Приятели сидели за столом молча. Вдалеке, за лесами, послышался благовест…
— Это на Вепре, у Спаса, — сказал Феоктист.
Мы отворили окно и слушали. Несказанное очарование было в весенней ночи! Высоко в небесах слышался шум тысяч летящих птиц.
Россия, как торжественна и свята была в просторах твоих пасхальная ночь!..
Я с приятелями решили ехать на Пасху в деревню. Чего же лучше: весна, река разлилась, охота…
Василий Сергеевич ездил к Сучкову, Караулову, к гофмейстеру, звать на Пасху ко мне в деревню. Отъезд с Ярославского вокзала, чтоб приехать накануне.
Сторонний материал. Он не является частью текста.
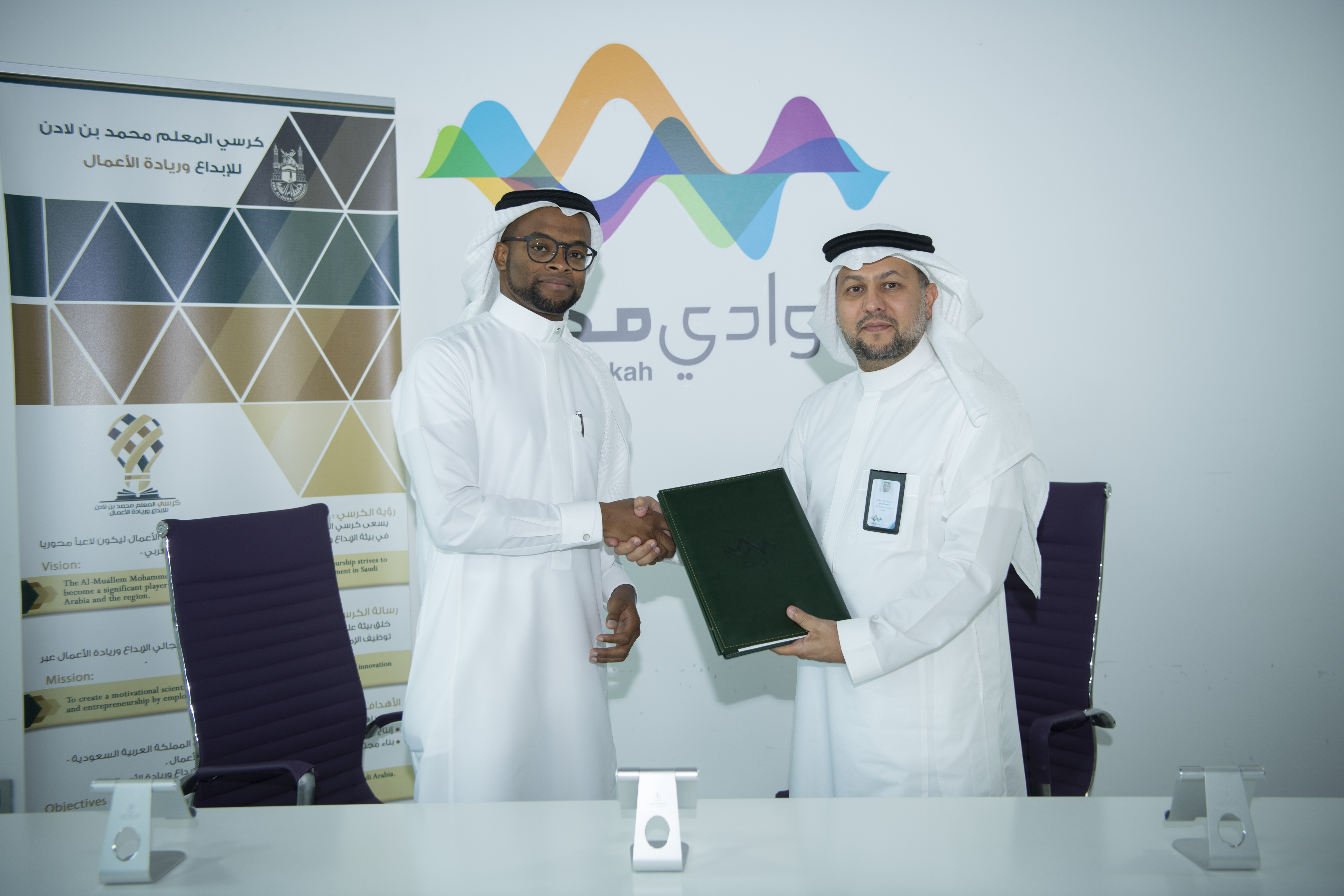 توقيع مذكرة تفاهم بين شركة وادي مكة للتقنية وكرسي المعلم محمد بن لادن لريادة الأعمال (٢١ أكتوبر ٢٠١٨م)

Живу я в глухом месте, семь часов езды от Москвы, — место лесное, болото, гуси дикие летят прямо над самым домом. Вальдшнепов с террасы дома стреляли.
На реке под садом турухтанов сотни, а глухарей, тетеревей кругом ток такой, что спать не дают.
Охотники таких рассказов выдержать не могут, волнуются.
— Есть ли глухариный ток? — спрашивает меня гофмейстер по телефону.
— Еще бы, — отвечаю я, — двести верст сплошной лес дремучий — Феклин бор. Там все есть.
— Еду, — согласился гофмейстер. — Я возьму пасху и кулич.
— Бери, — говорю.
С вечера в пятницу приятели-охотники собрались на вокзале. У Павла Александровича большая, длинная острога и особенный ацетиленовый фонарь для лучения рыбы.
У всех захвачены куличи и пасхи.
Когда сели в вагон, то пасхи не могли поместиться на полках.
— Вот он рассказывал, — показал Павел Александрович Сучков на слугу моего Леньку, — что будто бы у тебя на лугу, перед домом, чуть к утру, сели дикие гуси. Это было без тебя, тебя не было дома. А он трех из оконной форточки застрелил. Он это врет или нет?..
— Нет, — говорю я. — Я сам зимой четырех куропаток убил у сарая из форточки. Они в сене ковырялись.
— Замечательное место, — сказал Василий Сергеевич, — уток там на реке весной страсть сколько. Только утки-то не утки, помесь с курами. Лапы утиные, а нос куриный. Такая гадость…
— Ну, довольно вздора, — сказал Павел Александрович.
— Нет, Павел, — говорю я. — Я сам стрелял таких.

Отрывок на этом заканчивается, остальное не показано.